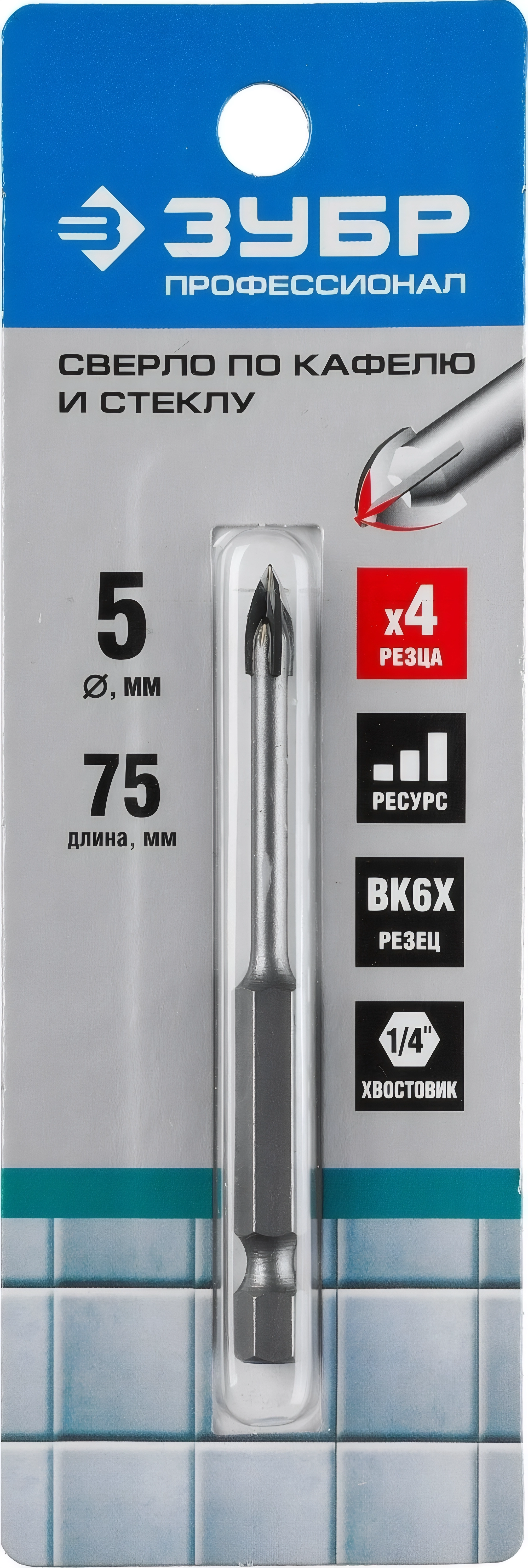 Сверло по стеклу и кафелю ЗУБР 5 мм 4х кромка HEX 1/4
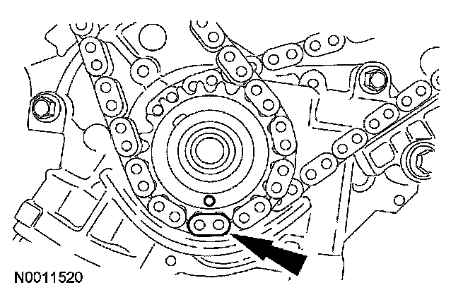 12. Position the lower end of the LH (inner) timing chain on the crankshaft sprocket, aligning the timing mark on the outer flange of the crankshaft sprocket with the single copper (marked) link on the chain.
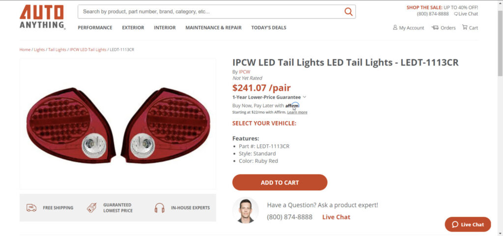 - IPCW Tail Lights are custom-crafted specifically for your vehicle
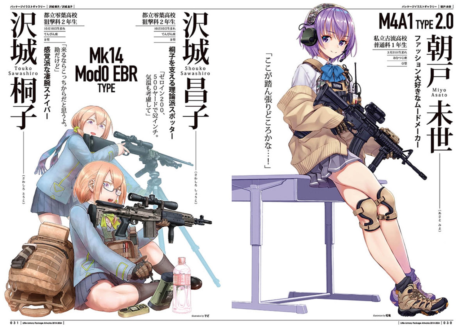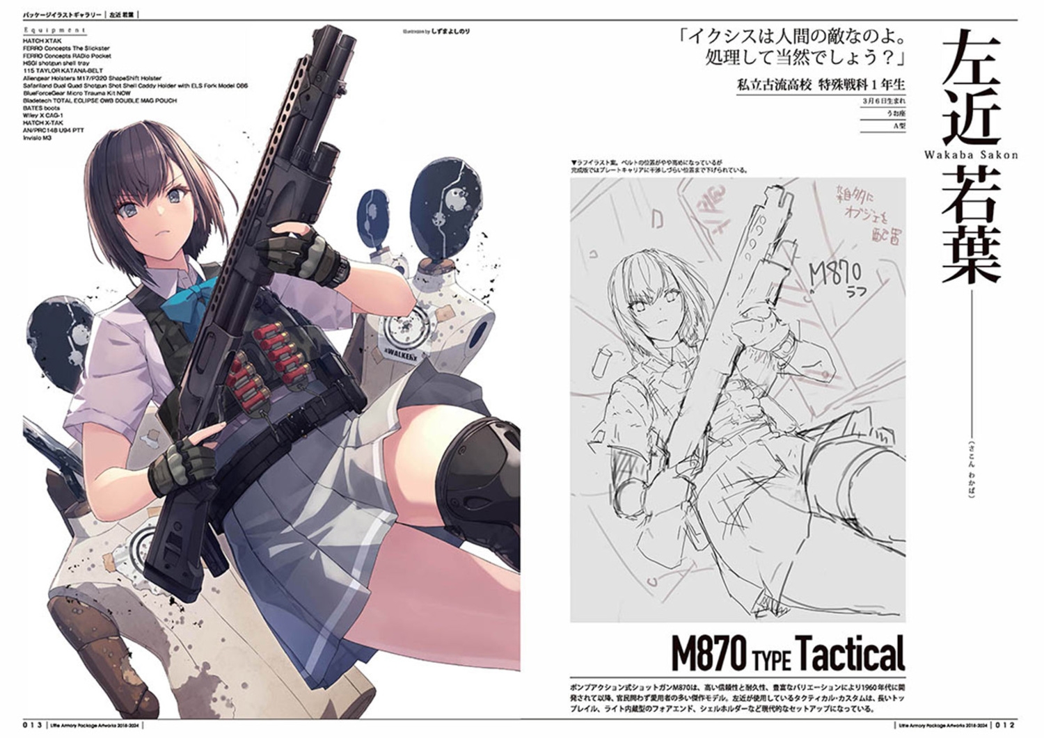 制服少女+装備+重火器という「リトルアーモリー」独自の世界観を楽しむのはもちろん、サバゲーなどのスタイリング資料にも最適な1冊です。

========

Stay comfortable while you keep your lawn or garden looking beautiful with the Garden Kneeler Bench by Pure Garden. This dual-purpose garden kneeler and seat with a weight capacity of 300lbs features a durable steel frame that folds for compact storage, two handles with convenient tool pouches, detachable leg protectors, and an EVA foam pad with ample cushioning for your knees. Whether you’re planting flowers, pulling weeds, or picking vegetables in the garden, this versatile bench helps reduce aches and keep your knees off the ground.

========

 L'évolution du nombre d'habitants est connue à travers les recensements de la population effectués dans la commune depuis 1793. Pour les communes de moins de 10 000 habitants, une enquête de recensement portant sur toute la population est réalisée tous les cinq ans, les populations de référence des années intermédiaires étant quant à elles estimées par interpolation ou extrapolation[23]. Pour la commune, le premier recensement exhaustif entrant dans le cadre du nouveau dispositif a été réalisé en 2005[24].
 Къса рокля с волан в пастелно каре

========

— YOUR INSTRUCTIONS —
In the material above, one part opens with the line containing "Сверло по стеклу" and closes with the line containing "制服少女+装備+重火器という". Write out that part exactly and skip its pictures.

— WRITTEN REPLY —
 Сверло по стеклу и кафелю ЗУБР 5 мм 4х кромка HEX 1/4
 12. Position the lower end of the LH (inner) timing chain on the crankshaft sprocket, aligning the timing mark on the outer flange of the crankshaft sprocket with the single copper (marked) link on the chain.
 - IPCW Tail Lights are custom-crafted specifically for your vehicle
 制服少女+装備+重火器という「リトルアーモリー」独自の世界観を楽しむのはもちろん、サバゲーなどのスタイリング資料にも最適な1冊です。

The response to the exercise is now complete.